Academic Innovation at Michigan (AIM) Research: Quan Nguyen

Date: 
Fri, 11/08/2019 - 12:00pm to 1:30pm

Rackham Graduate School - East Conference Room

AIM Research (formerly AIM Analytics) is a monthly seminar series for researchers across U-M who are interested in research and learning analytics. The field of learning analytics is a multi and interdisciplinary field that brings together researchers from education, learning sciences, computational sciences and statistics, and all discipline-specific forms of educational inquiry.
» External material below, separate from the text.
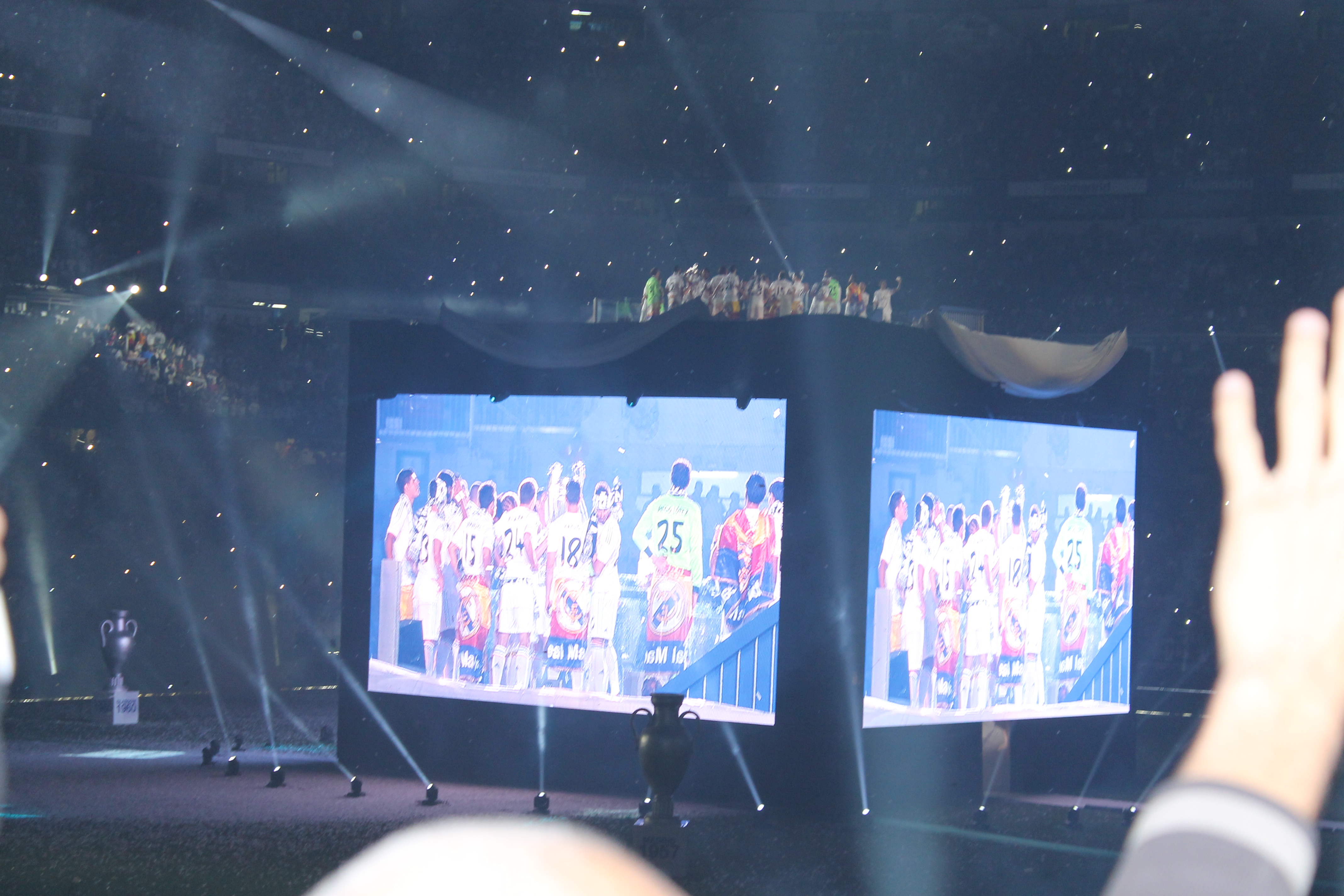 Pues eso, ahí estaban los jugadores en el campo. Enfocaban la cara de Casillas y alguna lagrimilla se le caía… porque aunque ellos sean “estrellas” e “ídolos” de muchos; son personas como tú y como yo. Con una familia y unos sueños por cumplir. Se respiraba buen rollo, felicidad y sobre todo satisfacción porque habían conseguido su sueño. LA DÉCIMA. Se dice rápido pero yo, que ni siquiera me lo esperaba, viví una celebración histórica y esto bien se merece una entrada.

Using temporal analytics to detect inconsistencies between learning design and student engagement

Abstract

Learning analytics has the potential to make the temporal dimensions of learning processes more visible using fine-grained proxies of how and when students engage with online learning activities. In this talk, I will demonstrate the extent to which students actually follow the course timeline and the subsequent effect on their academic performance. I will also discuss some on-going work and future research directions, such as the role of learning analytics in addressing the attainment gap of ethnic minority students, and outlier detection for time-on-task estimation.

Speaker Bio

Quan Nguyen is a Postdoctoral Research Fellow in Educational Data Science at the School of Information, University of Michigan. His research explores the temporal processes of learning using time-series analysis of digital traces in education. His current research project examines learning patterns in data science education by analyzing trace data collected from Jupyter Notebook. Prior to joining UM, Quan was a PhD candidate in Learning Analytics at The Open University UK and an Associate Lecturer in Applied Statistics at the University of Arts London. His research employed multilevel models and network analysis methods to understand how teachers design their course in online learning environment and how learning design influences student temporal engagement patterns. His work received multiple best paper awards at established conferences (LAK18 and HCI International 17). Quan had a background in Economics (BSc. & Msc.) at Maastricht University, Netherlands.